Kuo L, Chen Z, Rowland R R, Faaberg K S, Plagemann P G
Department of Microbiology, University of Minnesota, Minneapolis 55455.
Virus Res. 1992 Apr;23(1-2):55-72. doi: 10.1016/0168-1702(92)90067-j.
The 3'-terminal 1314 nucleotides of the genome of one isolate of lactate dehydrogenase-elevating virus, LDV-P, has been derived by sequence analyses of cDNAs from several genomic libraries and compared to that of another LDV isolate, LDV-C (Godeny et al. (1990) Virol. 177, 768-771). The 3'-non-coding segment of 80 nucleotides of the two LDV genomes is identical, whereas marked, but varying nucleotide and amino acid divergence is apparent in the three upstream overlapping open reading frames (ORF). The third ORF from the 3'-end exhibits only 82% nucleotide and 90% amino acid identity, whereas the 3'-terminal ORF, which encodes the nucleocapsid protein, exhibits approximately 99% amino acid identity. The second 3'-terminal ORF encodes an 18.8 kDa protein which lacks N-glycosylation sites but possesses 2 or 3 potential transmembrane helices in the N-terminal half of the molecule. A similar membrane organization is observed for the corresponding protein of equine arteritis virus and the M protein of mouse hepatitis virus. The sequence analyses combined with Northern hybridization analyses of RNA from LDV-infected macrophages and spleens of LDV-infected mice indicate that the three ORFs encoded by the 3'-terminal end of the LDV genome are expressed via the three smallest mRNAs (mRNAs 6-8) of the seven subgenomic mRNAs of LDV (mRNAs 2-8), which range in size from about 0.8 to 3.6 kb. All mRNAs have been shown to carry poly(A)-tracts and a common leader sequence. The seven mRNAs were produced in infected macrophage cultures concomitantly with genomic LDV RNA. Maximum LDV RNA synthesis was observed between 6 and 8 h post-infection. The same seven subgenomic mRNAs were detected in macrophages infected with three different isolates of LDV, but different relative amounts of some of the mRNAs were produced. The relative proportions of molecules of mRNAs 1-8 present in 6 h LDV-P-infected macrophages were about 13, 5, 5, 8, 6, 11, 11 and 27% of the total, respectively.

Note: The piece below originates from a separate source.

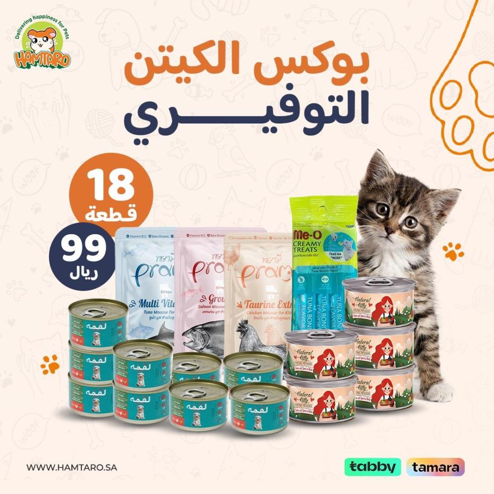 بوكس الكيتن الاقتصادي بداية صحية ولذيذة لحياة قطتك الصغيرة، وفري على نفسك الحيرة والتكاليف العالية مع بوكس الكيتن التوفيري المتوفر الآن على متجر همتارو، اختاري الأفضل لنمو قطتك مع يوكس طعام القطط الصغيرة، واجعلي كل وجبة مليئة بالحب، العناية، والنكهة التي لا تقاوم.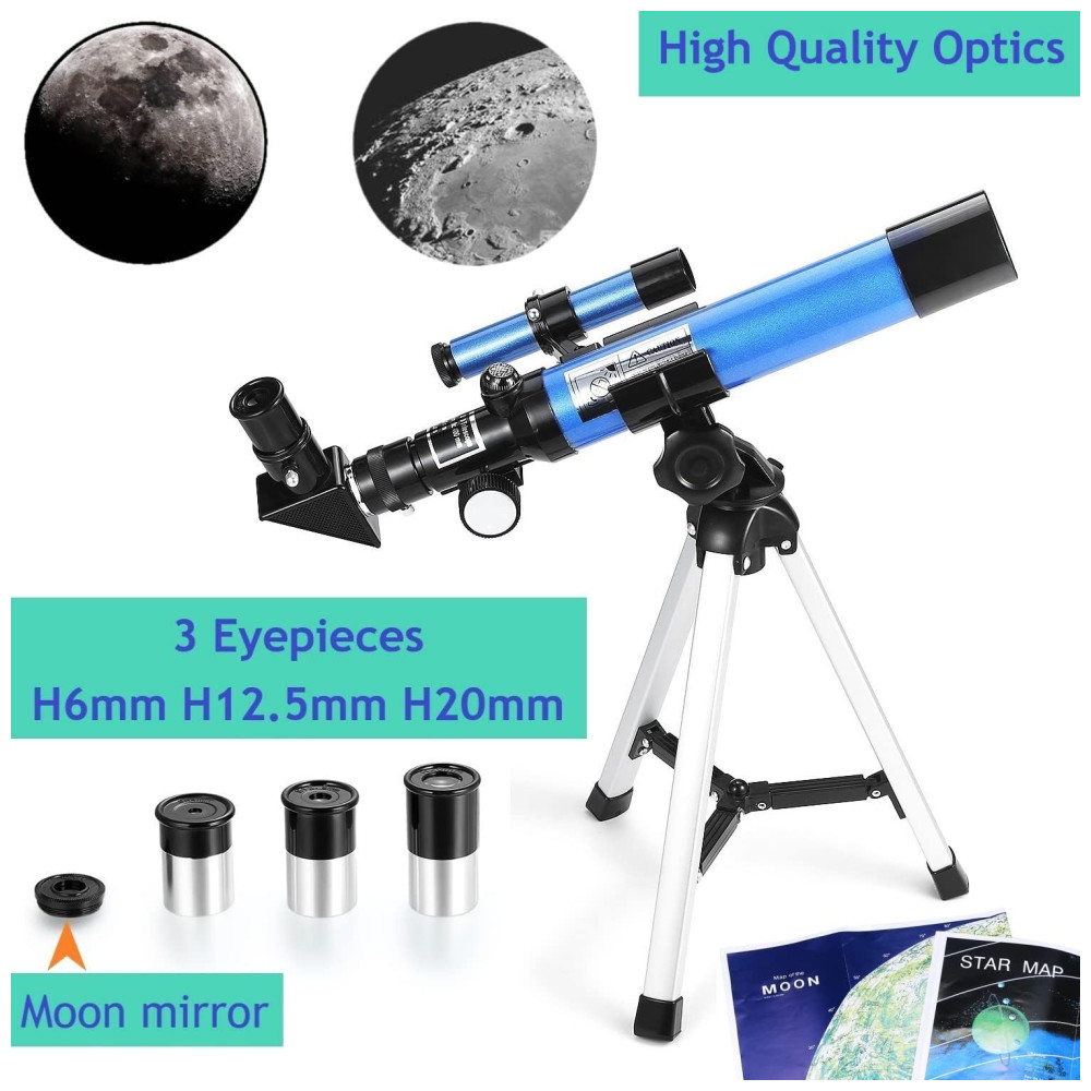 Telescópio lunar infantil F400X40 com espelho lunar Inclui 3 peças oculares intercambiáveis H20mm, H12.5mm, H6mm que você pode desfrutar de diferentes potências de ampliação.

通过对来自几个基因组文库的cDNA进行序列分析,获得了乳酸脱氢酶升高病毒(LDV)的一个分离株LDV-P基因组3'末端的1314个核苷酸,并将其与另一个LDV分离株LDV-C的相应序列进行了比较(Godeny等人,(1990年),《病毒学》,第177卷,第768 - 771页)。两个LDV基因组80个核苷酸的3'非编码区是相同的,然而,在三个上游重叠开放阅读框(ORF)中,明显存在显著但不同的核苷酸和氨基酸差异。从3'末端起的第三个ORF仅表现出82%的核苷酸同一性和90%的氨基酸同一性,而编码核衣壳蛋白的3'末端ORF表现出约99%的氨基酸同一性。第二个3'末端ORF编码一种18.8 kDa的蛋白质,该蛋白质缺乏N - 糖基化位点,但在分子的N端一半区域具有2个或3个潜在的跨膜螺旋。在马动脉炎病毒的相应蛋白和小鼠肝炎病毒的M蛋白中观察到类似的膜结构。序列分析与对LDV感染的巨噬细胞和LDV感染小鼠脾脏中的RNA进行的Northern杂交分析相结合,表明LDV基因组3'末端编码的三个ORF通过LDV七个亚基因组mRNA(mRNA 2 - 8)中最小的三个mRNA(mRNA 6 - 8)进行表达,这些mRNA的大小范围约为0.8至3.6 kb。所有mRNA均已显示携带多聚(A)尾和一个共同的前导序列。在感染的巨噬细胞培养物中,这七个mRNA与基因组LDV RNA同时产生。在感染后6至8小时观察到最大的LDV RNA合成。在感染三种不同LDV分离株的巨噬细胞中检测到相同的七个亚基因组mRNA,但产生的一些mRNA的相对量不同。在感染LDV - P 6小时的巨噬细胞中,mRNA Ⅰ - Ⅷ的分子相对比例分别约占总量的13%、5%、5%、8%、6%、1l%、11%和27%。